I think the patch is working, but there is another error, while calling mapreduce function (whatever from the tutorial) I get

12/10/20 00:12:01 INFO util.NativeCodeLoader: Loaded the native-hadoop library
12/10/20 00:12:01 INFO zlib.ZlibFactory: Successfully loaded & initialized native-zlib library
12/10/20 00:12:01 INFO compress.CodecPool: Got brand-new compressor
Error in do.call(paste.options, backend.parameters) : 
  second argument must be a list
>

Finally I agree with you for the architecture, I'm using rhadoop on my personal computer and I'm not deploying anything in production mode, so I need to study MapReduce, Hadoop, R together.

Thanks for all

piccolbo commented 12 years ago

On Fri, Oct 19, 2012 at 3:17 PM, Claudio Reggiani notifications@github.comwrote:

from.dfs(to.dfs(1:10)) 12/10/20 00:13:16 INFO util.NativeCodeLoader: Loaded the native-hadoop library 12/10/20 00:13:16 INFO zlib.ZlibFactory: Successfully loaded & initialized native-zlib library 12/10/20 00:13:16 INFO compress.CodecPool: Got brand-new compressor 12/10/20 00:13:20 INFO util.NativeCodeLoader: Loaded the native-hadoop library 12/10/20 00:13:20 INFO zlib.ZlibFactory: Successfully loaded & initialized native-zlib library 12/10/20 00:13:20 INFO compress.CodecPool: Got brand-new decompressor $key NULL

$val [1] 1 2 3 4 5 6 7 8 9 10

I think the patch is working, but there is another error, while calling mapreduce function (whatever from the tutorial) I get

12/10/20 00:12:01 INFO util.NativeCodeLoader: Loaded the native-hadoop library 12/10/20 00:12:01 INFO zlib.ZlibFactory: Successfully loaded & initialized native-zlib library 12/10/20 00:12:01 INFO compress.CodecPool: Got brand-new compressor Error in do.call(paste.options, backend.parameters) : second argument must be a list

That was an obvious bug in my patch, sorry about that I checked in before testing. Not this time, I will check in after testing, which is going on right now.

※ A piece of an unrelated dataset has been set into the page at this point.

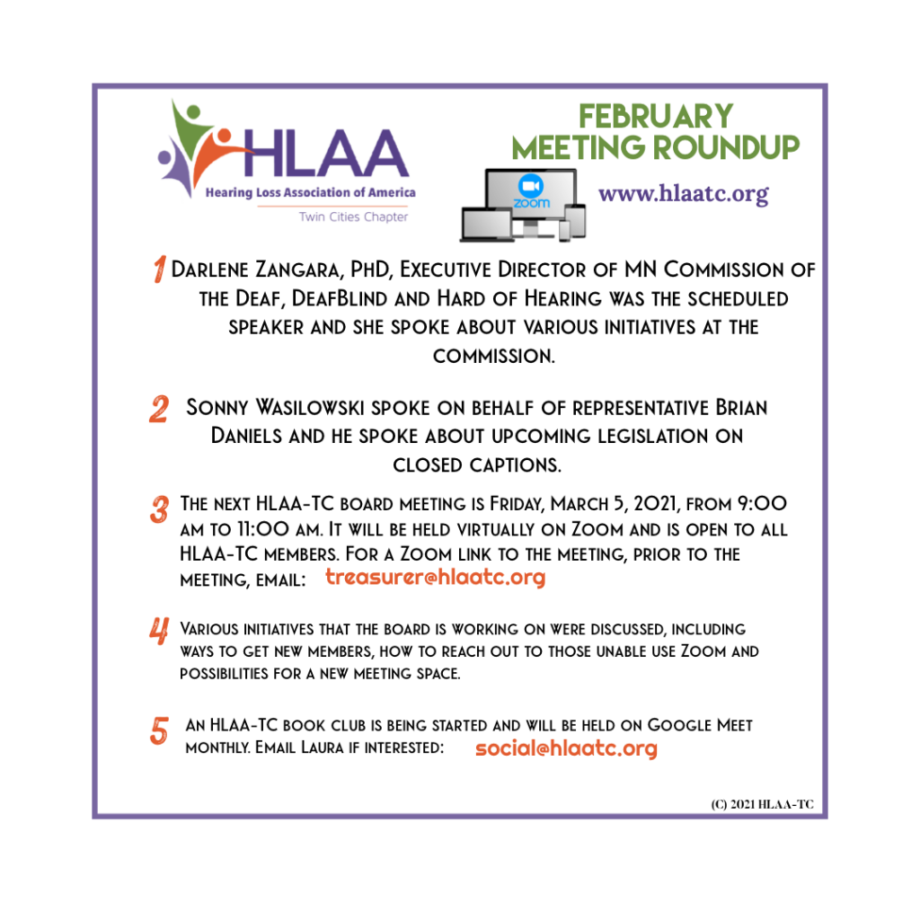 The HLAA-TC board is having a scheduled Zoom meeting that is open to all HLAA-TC members. Matters of board and chapter business will be discussed. The board Zoom meeting will be Friday, March 5th from 9:00 am to 11:00 am. To receive a Zoom meeting link, before the meeting, email: treasurer@hlaatc.singlerdesign.com

Finally I agree with you for the architecture, I'm using rhadoop on my personal computer and I'm not deploying anything in production mode, so I need to study MapReduce, Hadoop, R together.

All of these run on 64-bit.

A

Thanks for all

— Reply to this email directly or view it on GitHubhttps://github.com/RevolutionAnalytics/RHadoop/issues/137#issuecomment-9622761.

piccolbo commented 12 years ago

@Nophiq I may have missed one of your reports (the backend.parameters problem) in the midst of your message, i believe I fixed it based on a separate report but please check again for me in the 2.0.1 branch. Also, it would really help me if we keep it to one problem per issue and the reason is that an issue is either open or close, if there are two problems in one issue I can't mark one closed and other open.